Qu’est-ce que la dissociation ? Comprendre ce mécanisme de survie psychique et social

Qu’est-ce que la dissociation ?

Le grand gel intérieur

Il y a des douleurs qu’on sent qu’on voit, qu’on vit et il y en a d’autres qu’on ne perçoit même plus. J’ai souvent rencontré des personnes pour qui tout va bien en apparence, ils avancent dans une vie « normale » avec un masque du sourire, mais au fond, je sais que quelque chose est éteint. Les êtres authentiques et éveillés sont rayonnants, ils irradient de joie et de puissance d’être. Et, il y a ces personnes souriantes, mais distantes, on sent qu’elles sont « loin ». Une distance au monde, une froideur avec soi, une impossibilité d’être en présence. Une déconnexion entre son esprit et son corps. C’est de la dissociation. Un mot qu’on entend peu au repas de famille ou aux soirées avec les amis, c’est pourtant l’un des mécanismes de survie les plus fréquents et les moins reconnus de notre époque.
La dissociation est un phénomène à la fois psychologique, neurologique, corporel et social, c’est le prix à payer pour continuer à fonctionner dans notre monde déchiré et en effondrement. La dissociation concerne des millions de personnes sans qu’elles le sachent. Et des millions de personnes forment une société. Nous vivons dans une société dissociée avec des millions de dissociés. Les conséquences individuelles et collectives sont énormes. Cet article s’inscrit dans le volet « tout ce que j’aurais aimé savoir », c’est une exploration rigoureuse, incarnée et engagée de ce qu’est la dissociation, pourquoi elle survient, comment elle agit et surtout comment on peut en guérir.

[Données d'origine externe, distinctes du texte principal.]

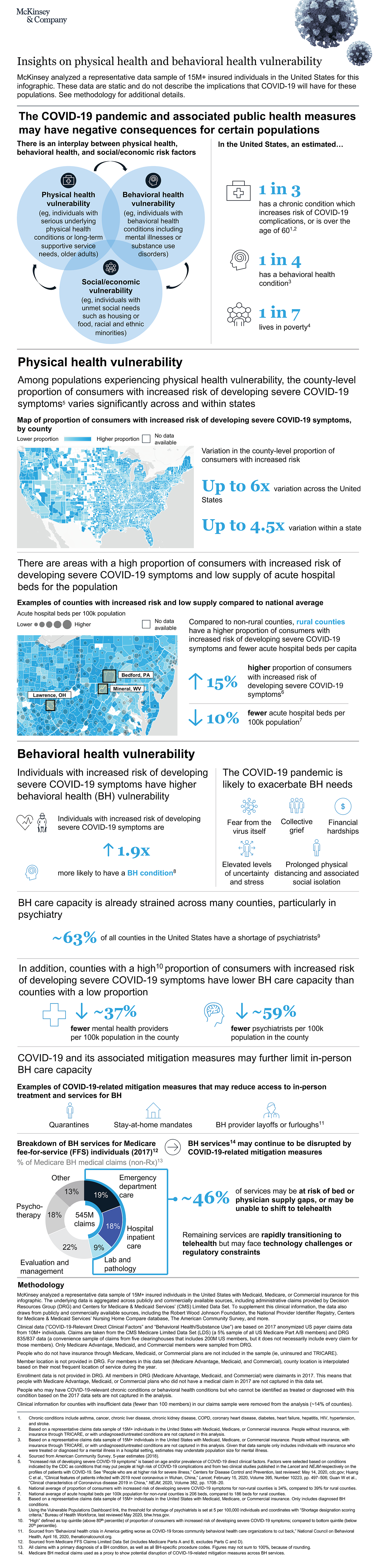 COVID-19 and associated public health measures may negatively affect some individuals with physical health, behavioral health (mental health and substance use disorders), and social and economic vulnerability. To better understand the potential impact on these populations, McKinsey developed an open-access dashboard incorporating a clinical data sample of more than 15 million insured individuals in the United States as well as non-clinical data elements.
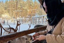Наш путь лежит через заснеженные леса в одно из самых атмосферных мест Карелии — Долину водопадов. Здесь нас ждёт знакомство с добрыми северными оленями и величественными лосями. Вы сможете покормить их прямо с руки и сделать фото в обрамлении хвойных деревьев и снежных сугробов — настоящая сказочная сцена скандинавской зимы. Здесь же завтракаем в местном кафе блюдами национальной кухни
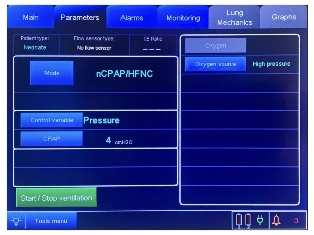 - Full FiO₂ Capability: Internal compressor and oxygen blender deliver 21–100% O₂ without external gas supply.
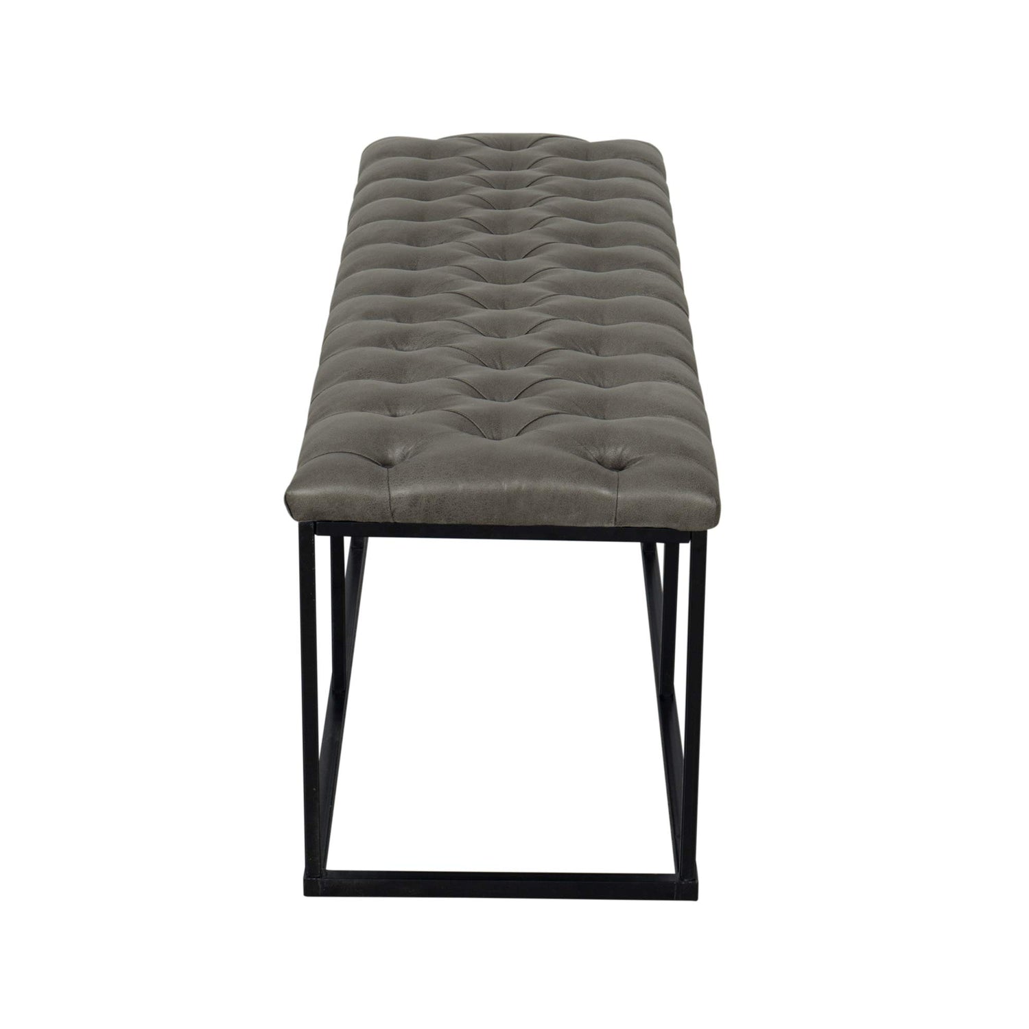 HomePop Upholstered Button Tufted Decorative Bench with Metal Base, Gray Faux Leather
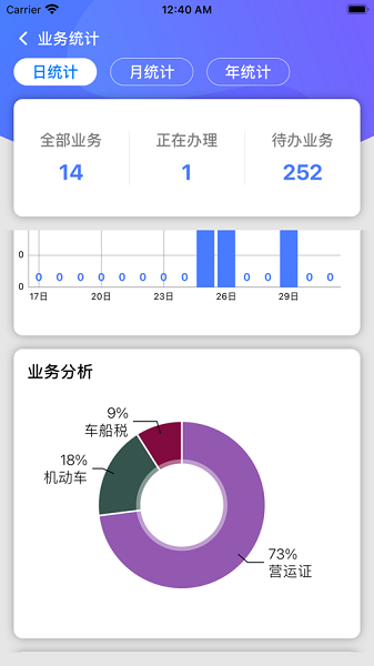中载app是物流企业用于办公管理的重要应用,能够满足企业用户在多种场景下的需求,当日业务实时统计,你可以浏览所有物流业务的信息,在线随时查询。
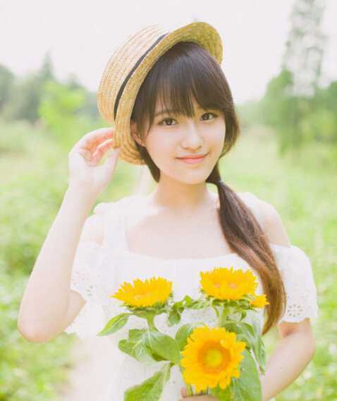 长长的头发,简单侧扎个马尾发辫,既是清新的美感又不失小女生可爱的韵味,编织帽子的搭配,非常有夏日味道。
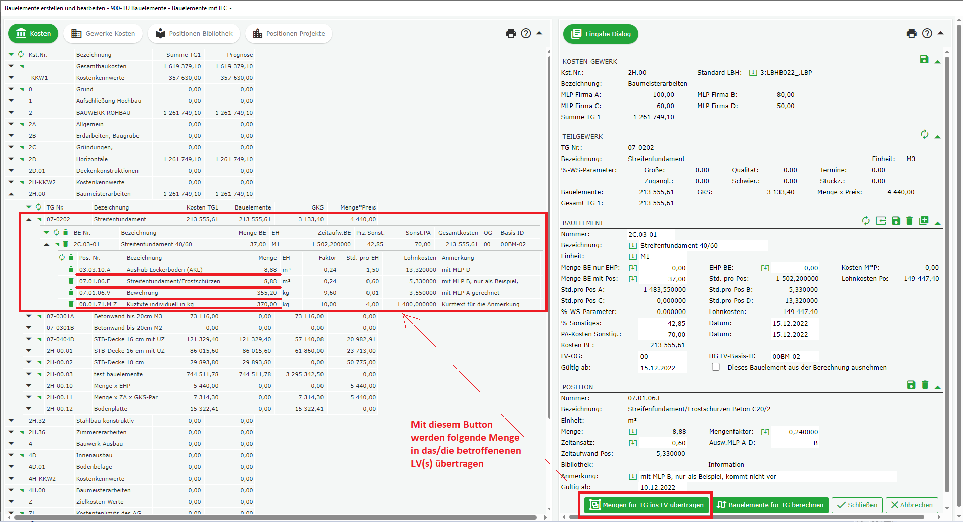 Die mit Bauelementen erfassten Mengen lassen sich auch in das bzw. die betroffenen LVs übertragen. Allerdings nur einzeln je Teilgewerk, wobei ein Teilgewerk, wie oben erklärt, durchaus aus mehreren LV-Positionen bestehen kann und für alle erfassten LV-Positionen des Teilgewerks eine Übertragung stattfindet.
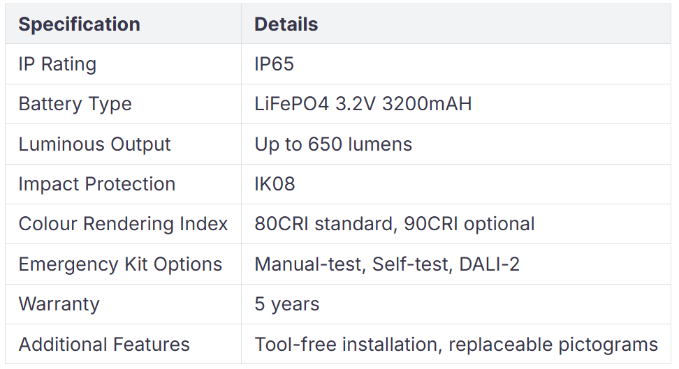 A Fanxstar ipari önálló LED-es vészválaszfala jó példa a modern vészvilágításra. Ez a vészhelyzeti szerelvény új LED-technológiát használ a fényes, egyenletes fény érdekében. Erős, IP65-ös besorolású testtel rendelkezik, így távol tartja a port és a vizet. A beépített LiFePO4 akkumulátor lehetővé teszi, hogy a lámpa hosszú ideig működjön vészhelyzetekben. A Fanxstar biztonsági válaszfallámpája szigorú biztonsági előírásoknak felel meg, ezért sok épület megbízik benne.

Définition de la dissociation

La dissociation est un mécanisme de défense du système nerveux face à un stress extrême ou prolongé. Lorsqu’une situation est perçue comme trop intense, trop dangereuse ou impossible à fuir, le corps entre en mode survie. Les réponses classiques de « fuite » ou « combat » ne suffisent pas parfois, il reste une option archaïque qui vient des tréfonds de notre espèce : le figement, l’état de sidération, la déconnexion. C’est ce que Stephen Porges, créateur de la théorie polyvagale, décrit comme l’activation du nerf vague dorsal, responsable d’un état de repli extrême. Dans ce processus, l’esprit se sépare du corps ou certaines parties de la conscience se déconnectent pour ne pas ressentir l’intensité de ce qui se passe. Le sujet n’est pas présent à lui-même. Il est « fonctionnel », mais absent. On dirait un « robot » sauf que la personne n’a pas retrouvé ses liens, car il y a une rupture permanente avec le corps, avec les autres, avec le monde. Les représentations sont brouillées. Peter Levine, fondateur du Somatic Experiencing, raconte que « la dissociation est ce qui nous permet de survivre à l’insurvivable ». C’est une forme d’arrêt d’urgence du vivant. Je dirais que la dissociation sépare l’esprit du corps comme si on n’était plus qu’une boîte de chair et d’os, un corps mécanique qui est « là ». La coupure est forte entre la raison et l’émotion, entre le rationnel et l’irrationnel, entre le conscient et l’inconscient, entre l’humain et le vivant.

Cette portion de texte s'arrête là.